Task to carry out
Copy the first line of the entries below and every line after it through the line containing "Seamlessly connect Drip". Do not include pictures.

Information
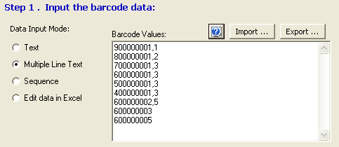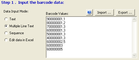 barcode’s data can be import from text or Excel
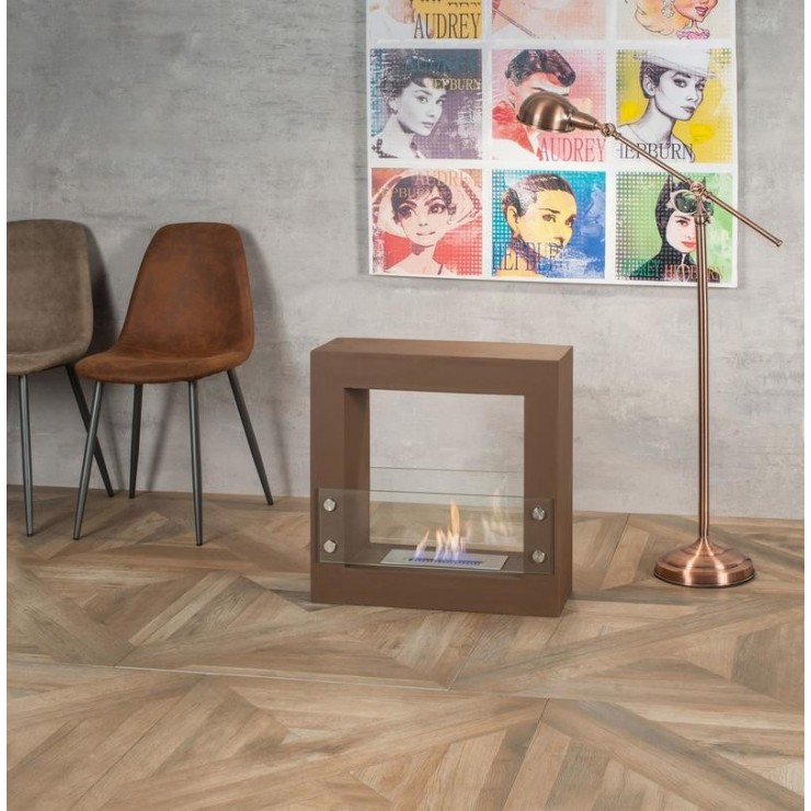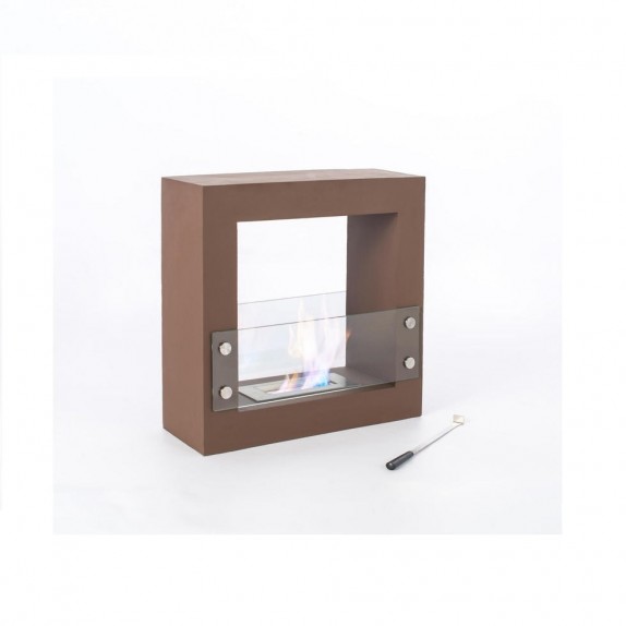 Cheminée au bioéthanol desol en magnésie, finition effet rouille et verre trempé. Brûleur double couche de 1,5 l et outil de contrôle de la flamme.
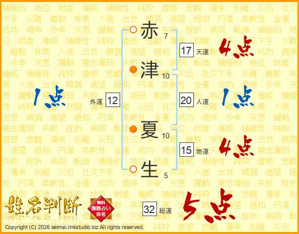 赤(7画)津(10画) 夏(10画)生(5画)
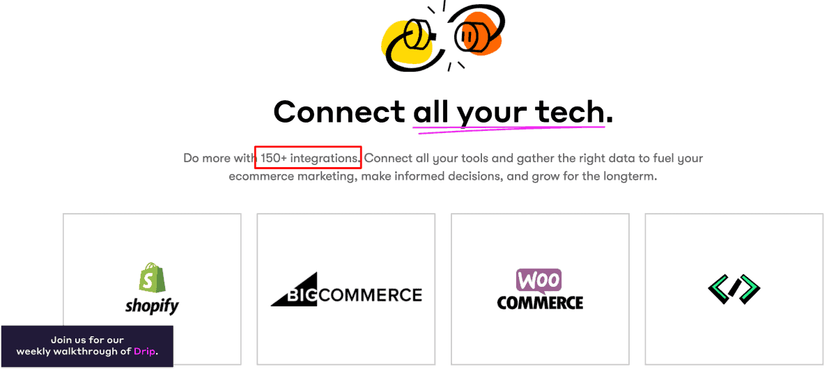 Seamlessly connect Drip with different CRM and e-commerce systems, boosting capabilities and creating a more efficient workflow.
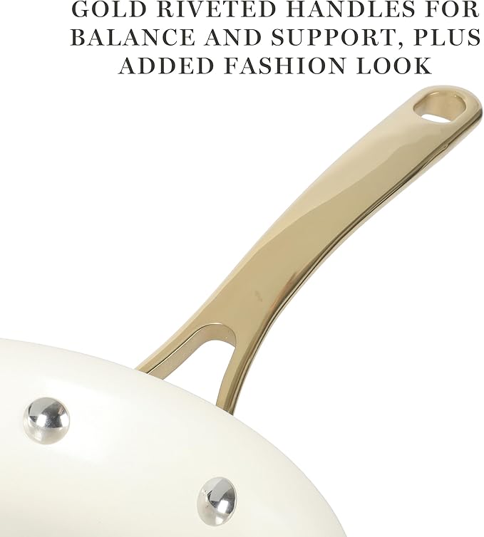- RIVETED GOLD HANDLES: Gold-colored handles lend a strikingly regal accent to any kitchen. Stainless steel rivets attach the handles securely for a sturdy and confident grip.
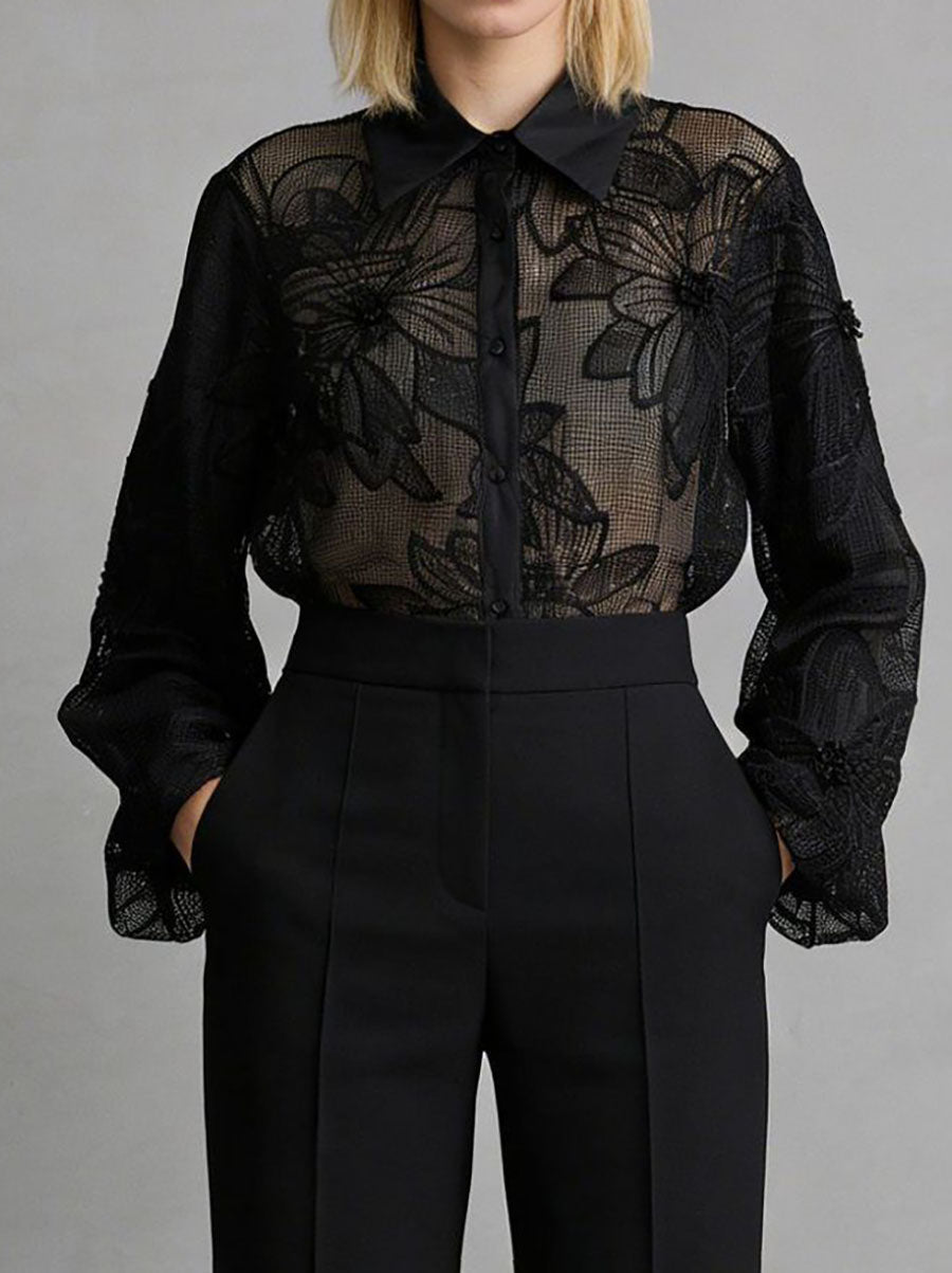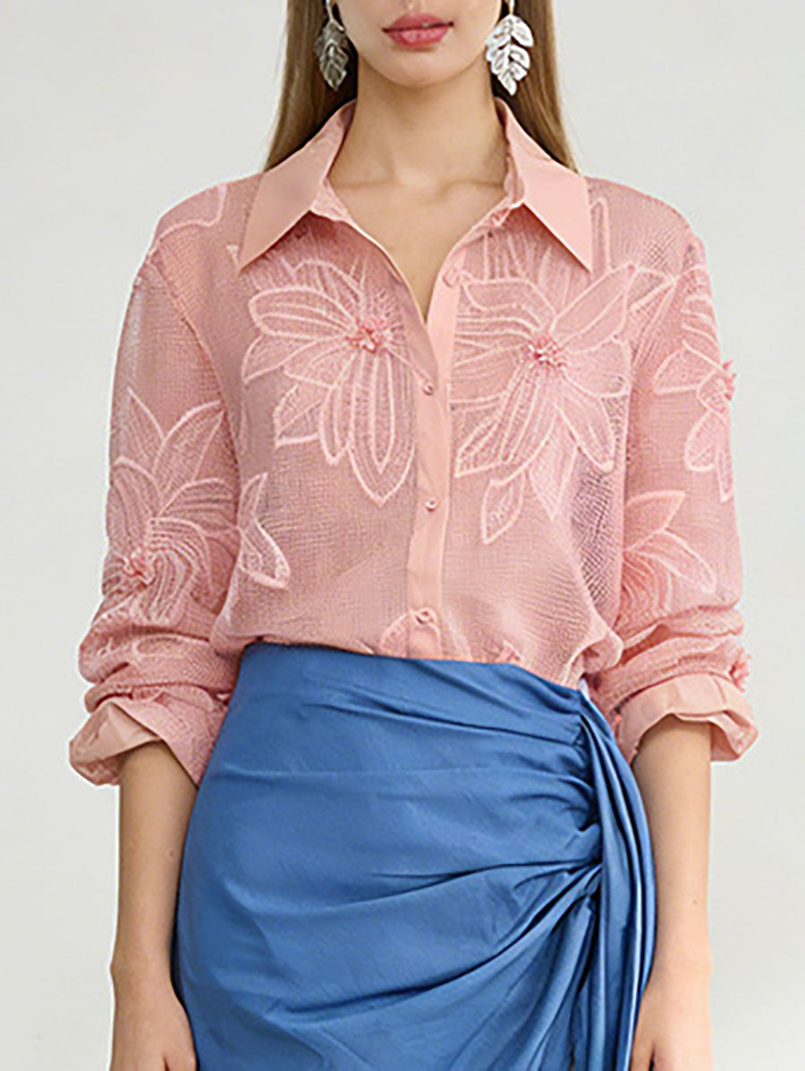 Long Sleeves Buttoned Embroidered Solid Color Lapel Blouses&Shirts Tops
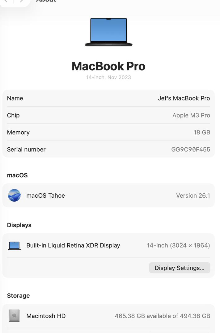 * Specs: 14.2" Liquid Retina XDR Display, 18GB RAM, 512GB SSD.

Written reply
 barcode’s data can be import from text or Excel
 Cheminée au bioéthanol desol en magnésie, finition effet rouille et verre trempé. Brûleur double couche de 1,5 l et outil de contrôle de la flamme.
 赤(7画)津(10画) 夏(10画)生(5画)
 Seamlessly connect Drip with different CRM and e-commerce systems, boosting capabilities and creating a more efficient workflow.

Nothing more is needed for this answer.